Азиат подчиняется указаниям, его пальцы порхают над клавиатурой, словно он исполняет сложнейшую фортепьянную партию. Наконец он находит сигнал с частотой 440 герц. Как и предсказывала звездная женщина, он совсем недалеко от Солнца. Радужная арка разгорается над Абхилашей, сквозь свет видна ее улыбка. Джоконда по сравнению с ней уродина. Звездная женщина улыбается сквозь боль и бесконечную, тихую, холодную темноту. Не радуга чудо, а эта улыбка. Проросла, смогла, преодолела… Огромный серый ком внутри меня теплеет, боль в голубом шаре утихает. Я выздоравливаю, я чувствую, что выздоравливаю… Как жаль, что в этом мире я бестелесен, мне хочется обнять звездную женщину, преклонить колени, спасибо ей сказать. Я делаю усилие и превращаюсь в теплый ветерок, я глажу ее бритую голову, и она улыбается еще шире.

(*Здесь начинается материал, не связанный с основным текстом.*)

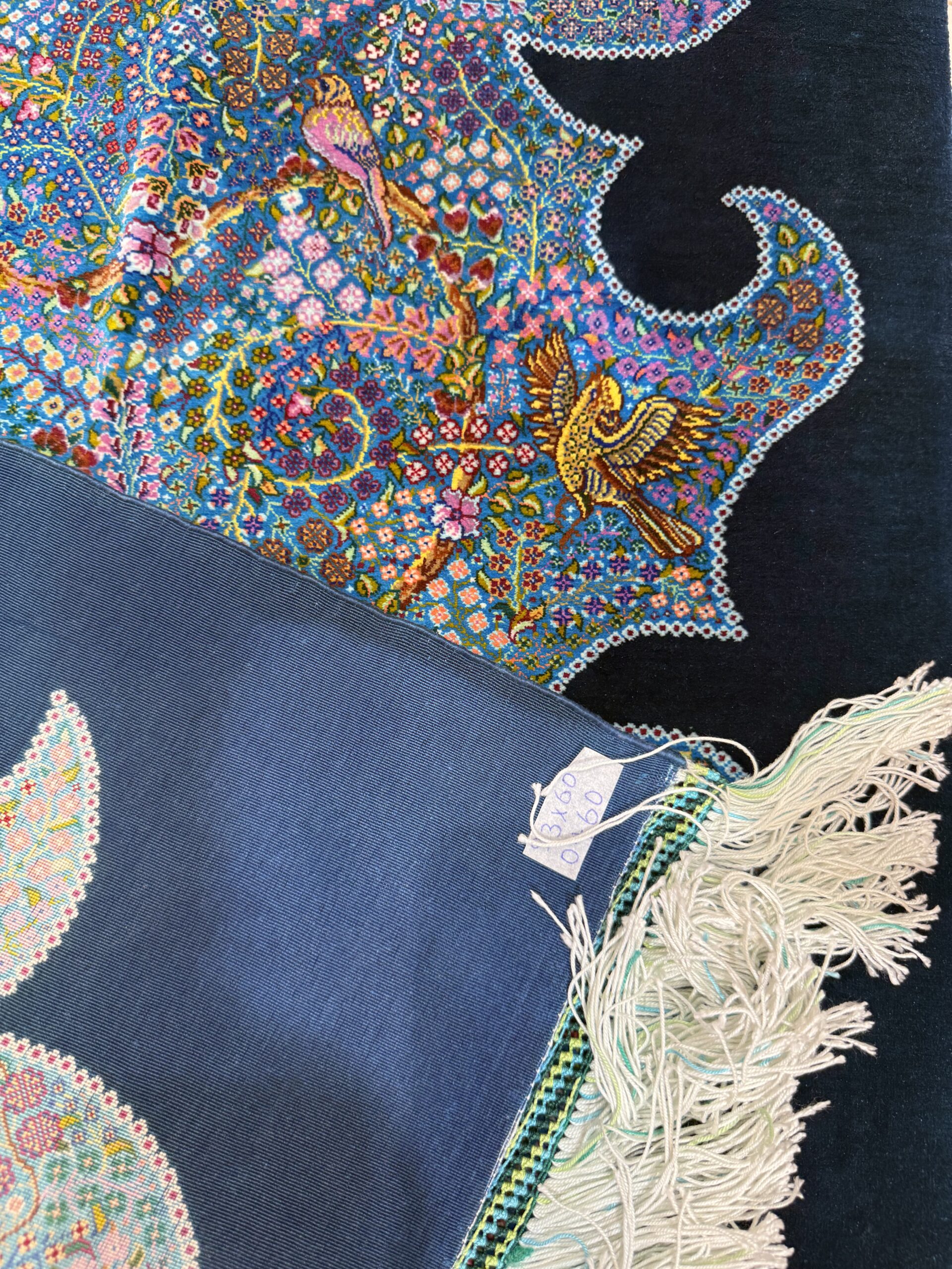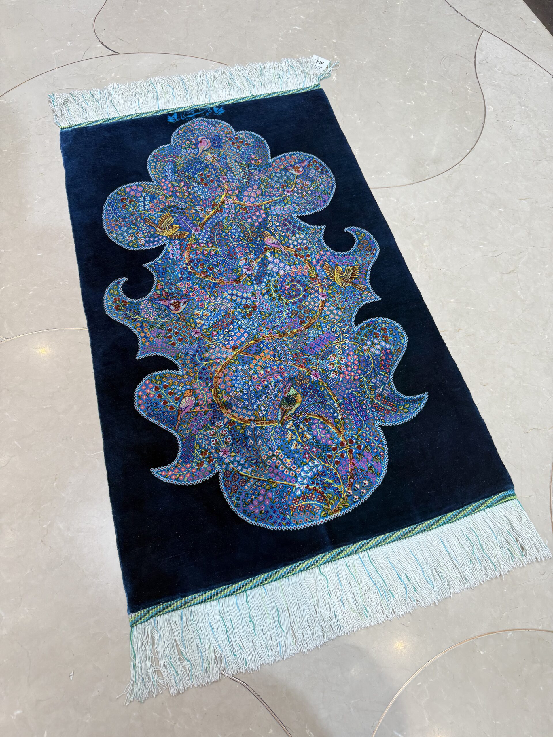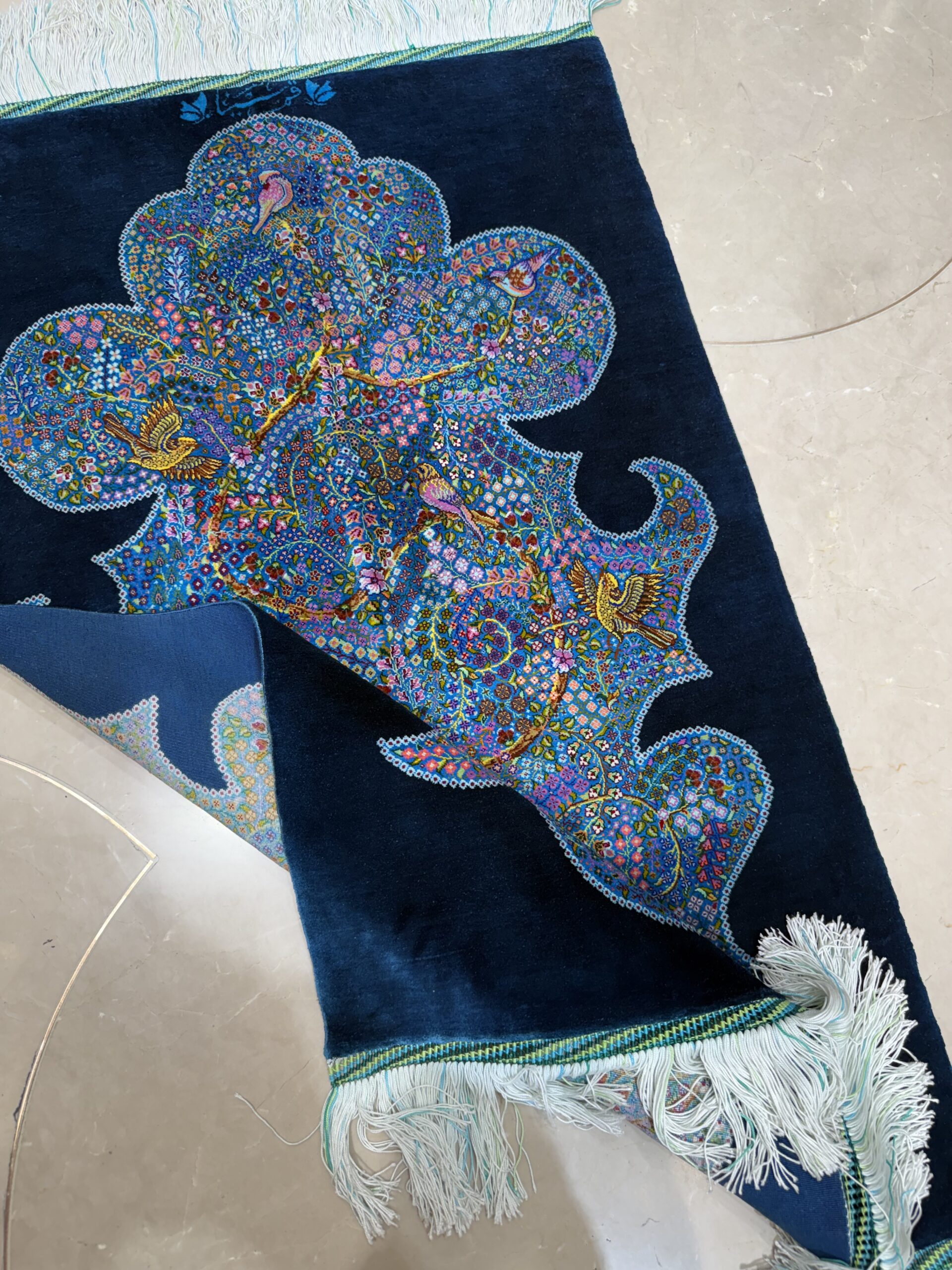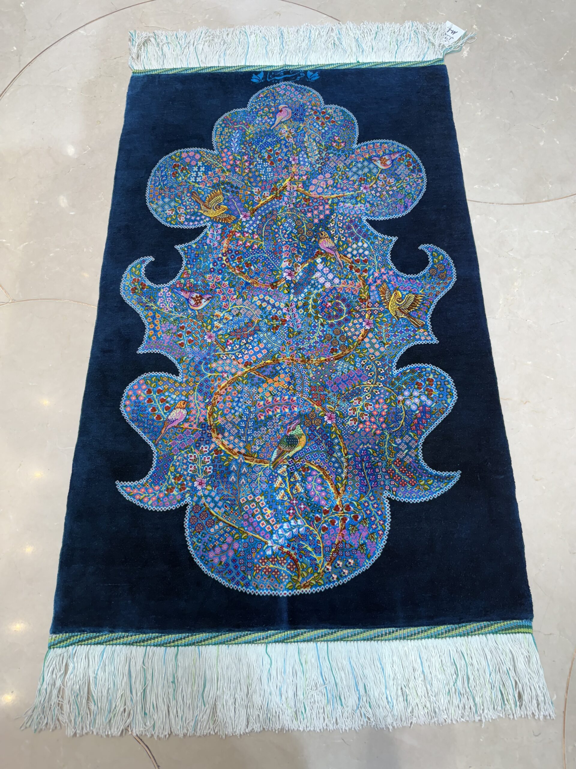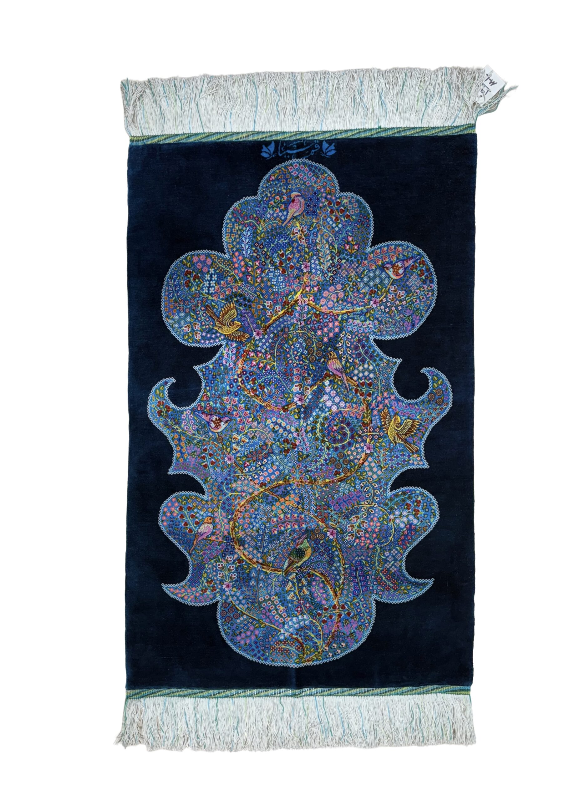 تابلو فرش تمام ابریشم قم طرح درختی و پرندگان برند سینا 60 در 90

А потом в наушниках раздается музыка… Что-то очень знакомое, из детства, папа слушал на катушечном магнитофоне, вырос я под это… Я не успеваю вспомнить, да и не надо уже – Абхилаша, сначала тихонечко, но с каждой секундой все более громко и победоносно, напевает:
When I find myself in times of trouble
Mother Mary comes to me
Speaking words of wisdom, let it be…
Пальцы молодого азиатского программиста последний раз взлетают над клавиатурой, и музыка заполняет весь двор обсерватории. Айтишник отбрасывает ноутбук, опускается на колени, закрывает лицо руками и плачет. А звездная женщина, не давая музыке, льющейся из динамиков, заглушить себя, продолжает петь:
And in my hour of darkness
She is standing right in front of me
Speaking words of wisdom, let it be…
Рыдающий азиат-программист отрывает руки от заплаканного лица и шепчет:
– Жаль, что поздно. Ну хоть так, напоследок…
– Ничего не поздно, – отвечает ему звездная женщина. – Вовремя.
– Но ракеты… они сейчас взорвутся, и все кончится.
– Не кончится.
– Почему?
– Потому что Тот, Кто создал эту вселенную, Сверхразум, Бог… наши отдаленные потомки, я не знаю… Он создал ее для людей.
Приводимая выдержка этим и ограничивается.